We have the digits 3, 4, 5, 6, 7 and 8 and we need to create numbers greater than 1200. Now, any number formed with four of the digits is greater than 1200. Also any number containing all the 5 digits is greater than 1200.

We have to find the number of permutations when 4 out of 5 digits are chosen. This is given by the expression 5! / (5 – 4)!

= 5! / 1!

= 120

Also, the number of permutations of choosing all 5 digits is 5! / (5 – 5)! = 5! / 1 = 120.

Adding the two we get a total of 240 permutations.

**Therefore 240 different numbers can be created with the digits 3, 4, 5, 6, 7 and 8 which are greater than 1200.**

To find the number of numbers greater than 1200 that can be formed with 6 digits 3, 4,5,6 and 8 without repetition:

We see that all the digits 3,4,5, 6 and 8 are greater than the digits 1 and 2.

Therefore any 4 digit numbers formed with the given digits are greater than 1200. Also any 5 and 6 digit numbers formed are geater than 1200. Also there is a condition of no repetetion.

The number of 4 digit numbers with the given 6 digits without repetion is 6P4 = 6*5*4*3 = 360.

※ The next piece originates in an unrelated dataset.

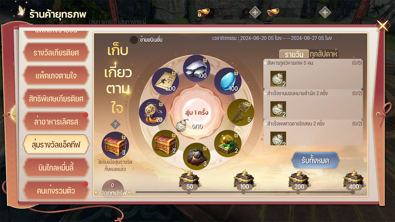 สำเร็จภารกิจจากกิจกรรมสุ่มรางวัลแอ็คทีฟทั้งรายวันและรายสัปดาห์เพื่อสะสมเหรียญแอ็คทีฟ นำไปสุ่มรับไอเทมพัฒนา CP มากมาย ไฮไลท์ไอเทม กล่องสมบัติหินแห่งโชคชะตา - จิตมนุษย์ / หยกวิเศษชีพจรฟ้า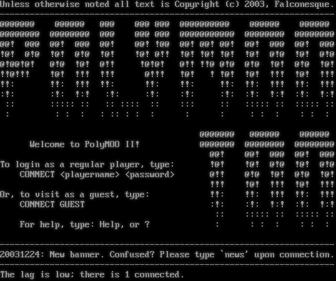 Unless otherwise noted all text is Copyright (c) 2003, Falconesque. -โ€‹------------------------------------------------------------------ @@@@@@@ @@@@@@ @@@ @@@ @@@ @@@@@@@@@@ @@@@@@ @@@@@@ @@@@@@@@ @@@@@@@@ @@@ @@@ @@@ @@@@@@@@@@@ @@@@@@@@ @@@@@@@@ @@! @@@ @@! @@@ @@! @@! !@@ @@! @@! @@! @@! @@@ @@! @@@ !@! @!@ !@! @!@ !@! !@! @!! !@! !@! !@! !@! @!@ !@! @!@ @!@@!@! @!@ !@! @!! !@!@! @!! !!@ @!@ @!@ !@! @!@ !@! !!@!!! !@! !!! !!! @!!! !@! ! !@! !@! !!! !@! !!! !!: !!: !!! !!: !!: !!: !!: !!: !!! !!: !!! :!: :!: !:! :!: :!: :!: :!: :!: !:! :!: !:! :: ::::: :: :: :::: :: ::: :: ::::: :: ::::: :: : : : : : :: : : : : : : : : : : : @@@@@@@ @@@@@@ @@@@@@ Welcome to PolyMOO II! @@@@@@@ @@@@@@@@ @@@@@@@@ @@! @@! @@@ @@! @@@ To login as a regular player, type: !@! !@! @!@ !@! @!@ CONNECT <playername> <password> @!! @!@ !@! @!@ !@! !!! !@! !!! !@! !!! Or, to visit as a guest, type: !!: !!: !!! !!: !!! CONNECT GUEST :!: :!: !:! :!: !:! :: ::::: :: ::::: :: For help, type: Help, or ? : : : : : : : -โ€‹------------------------------------------------------------------ 20031224: New banner. Confused? Please type \`news' upon connection. -โ€‹------------------------------------------------------------------ The lag is low; there is 1 connected.

The the number of 5 digit numbers that can be formed without repetition with 6 given digits = 6*5*4*3*2 = 720 ways.

The number ways the 6 digit numbers using all the 6 digits without repetitions = 6! = 6*5*4*3*2*1 = 4320.

Therefore the number of numbers formed using the given six digits without repetition is 6P4+6P5 +6P6 = 360+720+ 720 = 1800.